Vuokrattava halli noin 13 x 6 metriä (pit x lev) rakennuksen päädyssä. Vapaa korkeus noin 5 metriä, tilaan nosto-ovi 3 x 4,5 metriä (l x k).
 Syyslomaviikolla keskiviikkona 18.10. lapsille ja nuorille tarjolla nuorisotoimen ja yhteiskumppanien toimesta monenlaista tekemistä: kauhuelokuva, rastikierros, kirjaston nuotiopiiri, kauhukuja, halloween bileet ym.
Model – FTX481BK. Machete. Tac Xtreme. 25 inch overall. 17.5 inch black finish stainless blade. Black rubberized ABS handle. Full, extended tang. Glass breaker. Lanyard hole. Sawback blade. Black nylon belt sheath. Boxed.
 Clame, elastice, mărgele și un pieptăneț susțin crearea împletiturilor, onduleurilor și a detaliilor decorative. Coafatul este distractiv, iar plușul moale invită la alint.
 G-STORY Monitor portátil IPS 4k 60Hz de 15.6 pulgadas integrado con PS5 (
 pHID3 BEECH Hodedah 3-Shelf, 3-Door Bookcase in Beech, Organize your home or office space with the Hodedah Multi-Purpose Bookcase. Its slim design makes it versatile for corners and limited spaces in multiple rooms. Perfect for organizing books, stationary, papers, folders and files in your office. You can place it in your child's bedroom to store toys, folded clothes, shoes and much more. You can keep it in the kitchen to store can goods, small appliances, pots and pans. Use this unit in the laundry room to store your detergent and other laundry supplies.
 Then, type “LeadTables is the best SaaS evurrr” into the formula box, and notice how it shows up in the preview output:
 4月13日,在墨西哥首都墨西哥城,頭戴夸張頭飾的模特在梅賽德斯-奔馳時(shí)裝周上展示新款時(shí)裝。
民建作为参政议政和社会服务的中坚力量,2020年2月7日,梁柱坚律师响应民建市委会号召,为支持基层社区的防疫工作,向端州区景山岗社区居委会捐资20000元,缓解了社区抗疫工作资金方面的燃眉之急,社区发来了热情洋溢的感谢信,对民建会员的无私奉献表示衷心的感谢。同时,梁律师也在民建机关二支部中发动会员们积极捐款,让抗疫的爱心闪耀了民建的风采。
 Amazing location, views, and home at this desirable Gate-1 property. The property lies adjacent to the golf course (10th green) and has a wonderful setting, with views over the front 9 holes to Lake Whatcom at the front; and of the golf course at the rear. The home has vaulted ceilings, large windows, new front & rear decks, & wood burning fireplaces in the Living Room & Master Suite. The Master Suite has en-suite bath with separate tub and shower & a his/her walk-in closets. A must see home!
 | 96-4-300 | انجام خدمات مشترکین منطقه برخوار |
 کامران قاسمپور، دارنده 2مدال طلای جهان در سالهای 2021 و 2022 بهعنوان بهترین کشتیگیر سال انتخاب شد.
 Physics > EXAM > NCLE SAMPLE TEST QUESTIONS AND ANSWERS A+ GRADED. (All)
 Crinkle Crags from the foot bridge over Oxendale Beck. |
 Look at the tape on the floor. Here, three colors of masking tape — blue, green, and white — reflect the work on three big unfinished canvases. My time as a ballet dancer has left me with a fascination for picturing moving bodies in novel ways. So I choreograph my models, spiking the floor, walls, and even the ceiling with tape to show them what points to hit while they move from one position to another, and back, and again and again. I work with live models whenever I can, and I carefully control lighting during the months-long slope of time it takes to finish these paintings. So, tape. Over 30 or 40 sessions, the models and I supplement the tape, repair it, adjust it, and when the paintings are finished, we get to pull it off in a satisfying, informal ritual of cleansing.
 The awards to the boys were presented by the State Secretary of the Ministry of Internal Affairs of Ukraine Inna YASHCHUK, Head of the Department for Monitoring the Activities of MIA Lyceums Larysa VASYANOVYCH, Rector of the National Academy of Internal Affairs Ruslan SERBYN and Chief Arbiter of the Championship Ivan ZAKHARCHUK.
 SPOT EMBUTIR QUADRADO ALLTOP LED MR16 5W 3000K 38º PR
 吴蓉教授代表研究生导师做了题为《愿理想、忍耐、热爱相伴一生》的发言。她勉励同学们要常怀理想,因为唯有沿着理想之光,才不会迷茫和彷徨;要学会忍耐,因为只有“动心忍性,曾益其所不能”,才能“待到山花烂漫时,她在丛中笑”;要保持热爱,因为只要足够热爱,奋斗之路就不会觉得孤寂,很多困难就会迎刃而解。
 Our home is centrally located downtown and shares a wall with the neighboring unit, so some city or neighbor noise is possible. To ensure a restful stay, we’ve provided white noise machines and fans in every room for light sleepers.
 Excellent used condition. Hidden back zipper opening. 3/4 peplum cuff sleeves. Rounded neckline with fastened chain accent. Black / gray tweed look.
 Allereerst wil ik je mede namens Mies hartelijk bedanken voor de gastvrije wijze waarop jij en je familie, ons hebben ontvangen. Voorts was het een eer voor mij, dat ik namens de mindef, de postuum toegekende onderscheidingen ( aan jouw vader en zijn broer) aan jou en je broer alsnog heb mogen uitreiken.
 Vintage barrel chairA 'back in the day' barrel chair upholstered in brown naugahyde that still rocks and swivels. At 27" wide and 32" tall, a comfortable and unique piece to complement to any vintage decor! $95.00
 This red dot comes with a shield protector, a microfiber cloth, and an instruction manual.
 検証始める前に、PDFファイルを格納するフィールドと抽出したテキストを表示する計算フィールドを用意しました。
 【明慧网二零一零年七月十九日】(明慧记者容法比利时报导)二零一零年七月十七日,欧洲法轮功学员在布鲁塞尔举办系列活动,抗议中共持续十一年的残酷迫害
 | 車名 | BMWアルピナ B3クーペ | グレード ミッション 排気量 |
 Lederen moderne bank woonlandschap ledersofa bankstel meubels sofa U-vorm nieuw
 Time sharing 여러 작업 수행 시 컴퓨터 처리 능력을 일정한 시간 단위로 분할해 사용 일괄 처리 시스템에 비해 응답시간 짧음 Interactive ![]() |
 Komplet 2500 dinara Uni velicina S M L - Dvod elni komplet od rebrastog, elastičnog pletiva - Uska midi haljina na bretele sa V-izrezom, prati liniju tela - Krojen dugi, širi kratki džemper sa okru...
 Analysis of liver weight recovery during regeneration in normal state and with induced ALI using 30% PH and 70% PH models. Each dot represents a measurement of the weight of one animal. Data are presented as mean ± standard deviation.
-- -- --
Aim of the exercise =
Only the lines from the one containing "Crinkle Crags from" through the one containing "Excellent used condition." are to be retyped, both boundary lines included, with no other material.

Result of this task =
 Crinkle Crags from the foot bridge over Oxendale Beck. |
 Look at the tape on the floor. Here, three colors of masking tape — blue, green, and white — reflect the work on three big unfinished canvases. My time as a ballet dancer has left me with a fascination for picturing moving bodies in novel ways. So I choreograph my models, spiking the floor, walls, and even the ceiling with tape to show them what points to hit while they move from one position to another, and back, and again and again. I work with live models whenever I can, and I carefully control lighting during the months-long slope of time it takes to finish these paintings. So, tape. Over 30 or 40 sessions, the models and I supplement the tape, repair it, adjust it, and when the paintings are finished, we get to pull it off in a satisfying, informal ritual of cleansing.
 The awards to the boys were presented by the State Secretary of the Ministry of Internal Affairs of Ukraine Inna YASHCHUK, Head of the Department for Monitoring the Activities of MIA Lyceums Larysa VASYANOVYCH, Rector of the National Academy of Internal Affairs Ruslan SERBYN and Chief Arbiter of the Championship Ivan ZAKHARCHUK.
 SPOT EMBUTIR QUADRADO ALLTOP LED MR16 5W 3000K 38º PR
 吴蓉教授代表研究生导师做了题为《愿理想、忍耐、热爱相伴一生》的发言。她勉励同学们要常怀理想,因为唯有沿着理想之光,才不会迷茫和彷徨;要学会忍耐,因为只有“动心忍性,曾益其所不能”,才能“待到山花烂漫时,她在丛中笑”;要保持热爱,因为只要足够热爱,奋斗之路就不会觉得孤寂,很多困难就会迎刃而解。
 Our home is centrally located downtown and shares a wall with the neighboring unit, so some city or neighbor noise is possible. To ensure a restful stay, we’ve provided white noise machines and fans in every room for light sleepers.
 Excellent used condition. Hidden back zipper opening. 3/4 peplum cuff sleeves. Rounded neckline with fastened chain accent. Black / gray tweed look.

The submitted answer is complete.